A lost UUID cannot be recovered — be careful!
If your board uses an Intel network controller
The MAC address of Intel NICs is stored in the GbE region and will be lost when reflashing. This may cause network conflicts or even render the NIC inoperable.
If you can’t dump the BIOS, at least save the MAC address. You can find it in the Windows adapter properties; it’s also often printed on a sticker on the board.
For boards with a Realtek NIC, the GbE region is absent; transferring the MAC isn’t required.
Procedure:
- Download CoffeeTime 0.99
- Open the BIOS in CoffeeTime
- Click the three dots in the ME section (upper left) and choose “11.8.77.3664 Corp Cut” in the dropdown at the bottom, then in the lower left (Management Engine) click “Replace”. After this, the ME version will change. For ASUS owners: it’s recommended to try “11.7.0.3307 Corp Cut” first, and only move to 11.8.77.3664 if you can’t get the board to POST.
- In the same ME section, below the three dots, click the button with the arrows; the ME value will change to “Disabled”.

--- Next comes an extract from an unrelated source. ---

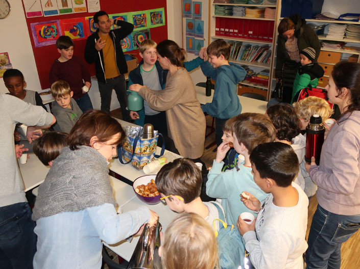 Kinder brachten Kissen, Kuscheltiere, Lese-Lampen und natürlich ein eigenes Buch mit. Zuerst gabe es eine Lese-Zeit oder Vorlese-Zeit in den Klassen. Als erstes kamen dann die Klassen 1 und 2 ins Forum. Dort wurden unsere Lese-Woche-Lieder gesungen wie „Lesen heißt auf Wolken liegen“. Zudem gab es auch ein eingesprochenes Vorlesebuch zum Hören und Sehen. Danach kamen die Kinder Klassen 3 und 4 ins Forum. Nach der Forumszeit gab es noch ein nettes Zusammensein in den Klassen mit den Eltern.

- In the “Fixes” section, for “ME Recovery” click “Remove” so it turns green (this is usually required on ASUS boards, but nothing bad will happen if you do it for other brands as well). Other patches and fixes are optional in our case and up to you.
- (MSI only) On the Extra tab, click “Remove” next to “MSI abnormal ME warning” to disable the ME‑disabled warning at startup.
- Click “Save image” at the bottom right and save your modded BIOS. Note that CoffeeTime saves the BIOS as “.bin” by default, not in the original format.
Do you need to add microcodes?
For 100‑ and 200‑series chipsets you typically don’t need to add or replace microcodes, since for Xeon v5/v6 they match retail Skylake/Kaby Lake and are already present in the BIOS.
If you’re modding H310C, B365, or Z370 boards, you’ll also need to add microcode 506E3 (Skylake) or 906E9 (Kaby Lake). You can do this in CoffeeTime as well.
Flashing
- Avoid built‑in BIOS flash utilities for modded images; they often fail or may even soft‑brick the board.
- Some boards can be flashed in software (usually via FlashProgrammingTool v11 or AFUDOS 3.05.04) — typically Gigabyte, MSI, and Maxsun models.
- Most models from ASUS, ASRock, Biostar, and many other vendors block writes to the FD and ME regions, so for these it’s best to use an SPI programmer.
There’s no 100% guarantee the board will boot successfully after flashing. Even if your board can be flashed in software, we still strongly recommend having an SPI programmer on hand. If something goes wrong, returning to stock BIOS will only be possible with it.
After flashing, be sure to clear the BIOS — for example, with the CLR_CMOS jumper or by cutting power and removing the battery for a few minutes.
First boot
It’s best to perform the first boot with a single RAM module. Make sure the memory can operate at the CPU’s native frequency (DDR4‑2133/2400). The time to first video output can be much longer than usual. The system may reboot several times during training — this is normal. On most boards no additional settings are required.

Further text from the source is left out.